> _Work task_: Among the entries that follow, locate the line with "Yumuşak dolgulu ve" and the line with "Darker Girl Manifesto". Output those lines and all lines in between, exactly, minus the pictures.

[Records contained in a dataset]
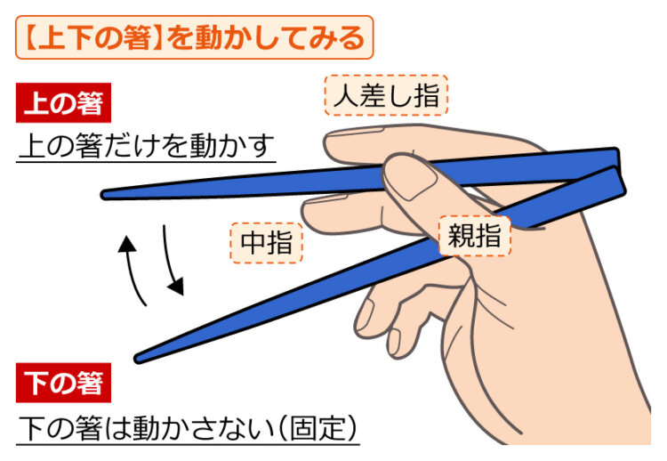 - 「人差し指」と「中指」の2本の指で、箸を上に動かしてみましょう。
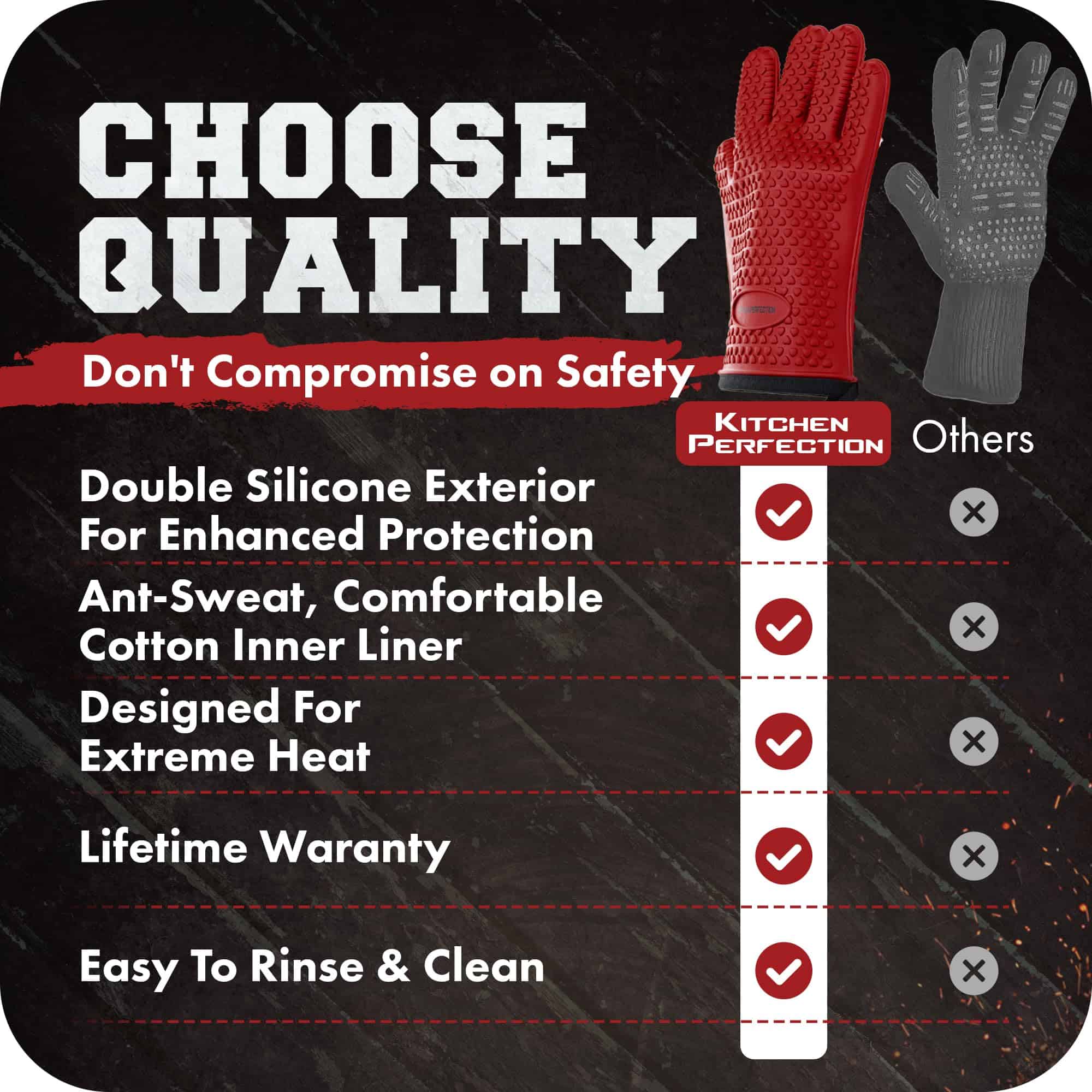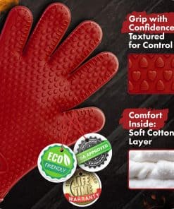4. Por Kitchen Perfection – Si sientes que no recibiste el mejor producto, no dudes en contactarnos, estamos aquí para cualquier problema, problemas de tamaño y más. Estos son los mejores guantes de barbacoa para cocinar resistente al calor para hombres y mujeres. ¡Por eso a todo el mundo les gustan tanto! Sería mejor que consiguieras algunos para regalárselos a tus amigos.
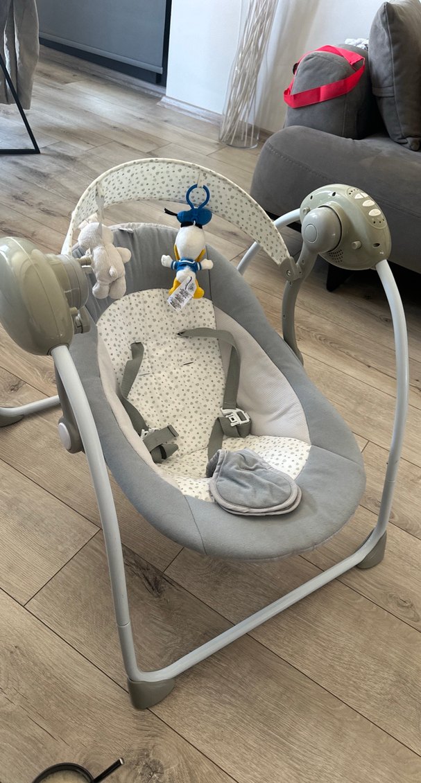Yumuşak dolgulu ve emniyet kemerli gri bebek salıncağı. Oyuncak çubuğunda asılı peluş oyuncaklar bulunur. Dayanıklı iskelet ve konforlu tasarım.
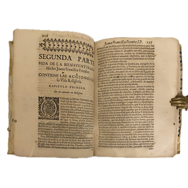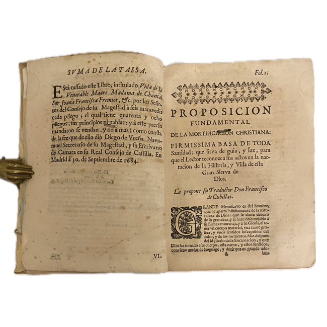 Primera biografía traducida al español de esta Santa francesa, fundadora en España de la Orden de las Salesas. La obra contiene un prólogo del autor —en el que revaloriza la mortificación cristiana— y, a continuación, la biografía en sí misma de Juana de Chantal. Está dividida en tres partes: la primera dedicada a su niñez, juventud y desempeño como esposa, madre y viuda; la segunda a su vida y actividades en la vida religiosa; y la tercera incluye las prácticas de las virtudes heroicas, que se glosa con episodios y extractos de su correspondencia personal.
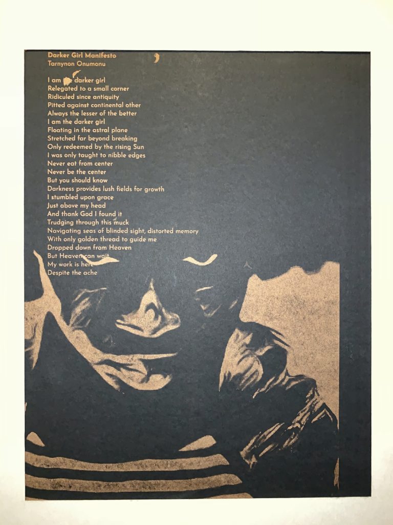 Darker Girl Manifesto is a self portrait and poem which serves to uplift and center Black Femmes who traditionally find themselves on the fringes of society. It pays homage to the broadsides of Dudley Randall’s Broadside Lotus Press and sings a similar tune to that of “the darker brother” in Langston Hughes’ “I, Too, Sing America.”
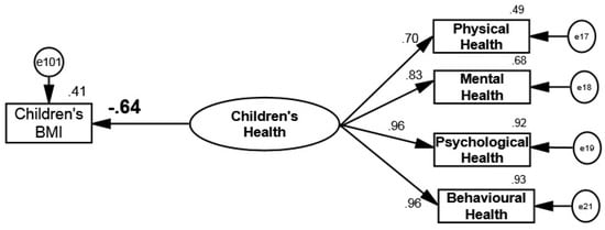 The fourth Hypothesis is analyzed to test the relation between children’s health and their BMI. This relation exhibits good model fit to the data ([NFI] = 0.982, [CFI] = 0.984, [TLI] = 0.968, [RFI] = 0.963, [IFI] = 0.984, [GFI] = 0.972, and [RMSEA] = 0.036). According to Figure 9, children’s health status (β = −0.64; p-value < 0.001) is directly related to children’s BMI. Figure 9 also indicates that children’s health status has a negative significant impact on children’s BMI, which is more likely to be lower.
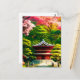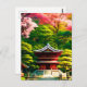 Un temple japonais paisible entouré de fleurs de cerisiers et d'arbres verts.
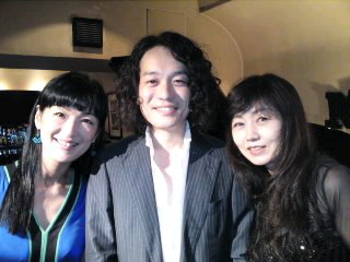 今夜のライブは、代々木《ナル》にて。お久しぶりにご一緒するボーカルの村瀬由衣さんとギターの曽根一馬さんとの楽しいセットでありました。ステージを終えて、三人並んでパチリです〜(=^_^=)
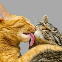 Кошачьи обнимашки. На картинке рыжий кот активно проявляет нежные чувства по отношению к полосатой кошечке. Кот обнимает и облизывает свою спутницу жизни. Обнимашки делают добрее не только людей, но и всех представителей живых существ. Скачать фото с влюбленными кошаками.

> _Answer area_:
Yumuşak dolgulu ve emniyet kemerli gri bebek salıncağı. Oyuncak çubuğunda asılı peluş oyuncaklar bulunur. Dayanıklı iskelet ve konforlu tasarım.
 Primera biografía traducida al español de esta Santa francesa, fundadora en España de la Orden de las Salesas. La obra contiene un prólogo del autor —en el que revaloriza la mortificación cristiana— y, a continuación, la biografía en sí misma de Juana de Chantal. Está dividida en tres partes: la primera dedicada a su niñez, juventud y desempeño como esposa, madre y viuda; la segunda a su vida y actividades en la vida religiosa; y la tercera incluye las prácticas de las virtudes heroicas, que se glosa con episodios y extractos de su correspondencia personal.
 Darker Girl Manifesto is a self portrait and poem which serves to uplift and center Black Femmes who traditionally find themselves on the fringes of society. It pays homage to the broadsides of Dudley Randall’s Broadside Lotus Press and sings a similar tune to that of “the darker brother” in Langston Hughes’ “I, Too, Sing America.”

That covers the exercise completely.